Task goal -> Write out exactly, excluding pictures, the lines from the one containing "Shipped product pages" through the end of the data, both included.

Data block ->
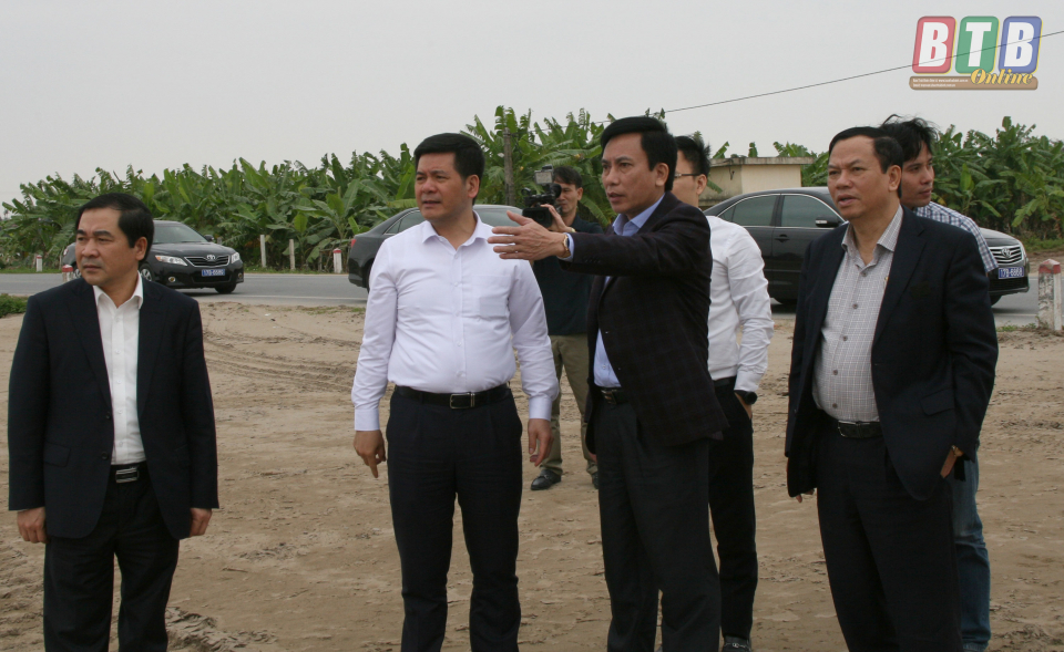 Đồng chí Bí thư Tỉnh ủy, Chủ tịch HĐND tỉnh, Trưởng đoàn đại biểu Quốc hội tỉnh cùng đoàn đã đến kiểm tra, khảo sát địa điểm chuẩn bị cho lễ khởi công tuyến đường bộ ven biển tại xã Thái Thượng (Thái Thụy).
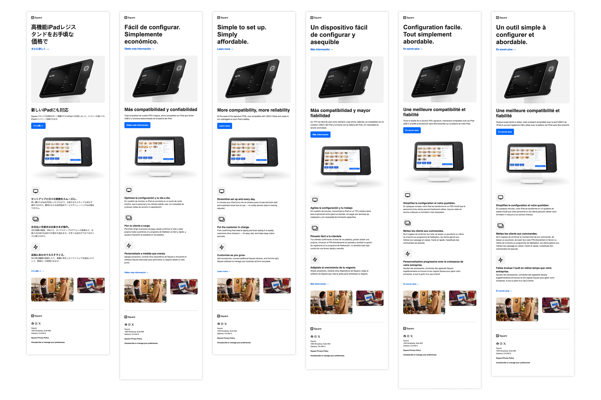 Shipped product pages and digital marketing assets across eight international markets and in eleven languages for the Square Stand (2nd generation) hardware launch
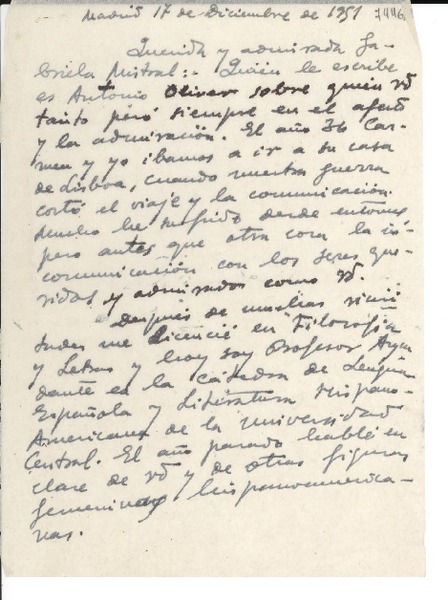 [Carta] 1951 dic. 17, Madrid [a] Gabriela Mistral [manuscrito] Antonio Oliver.
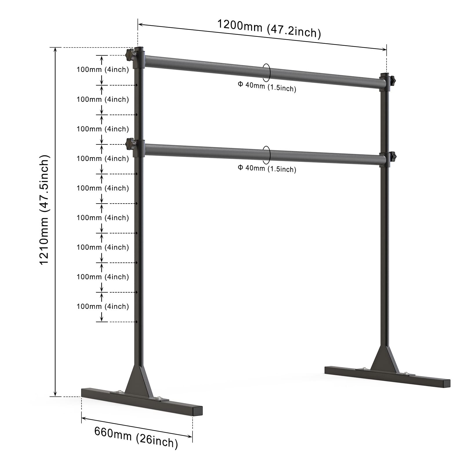 - The robust steel ballet barre, with its star-shaped hand knob design, is stronger than aluminum bars joined by plastic buckles, which may fall apart or slide down after a few use.

Exercise solution ->
 Shipped product pages and digital marketing assets across eight international markets and in eleven languages for the Square Stand (2nd generation) hardware launch
 [Carta] 1951 dic. 17, Madrid [a] Gabriela Mistral [manuscrito] Antonio Oliver.
 - The robust steel ballet barre, with its star-shaped hand knob design, is stronger than aluminum bars joined by plastic buckles, which may fall apart or slide down after a few use.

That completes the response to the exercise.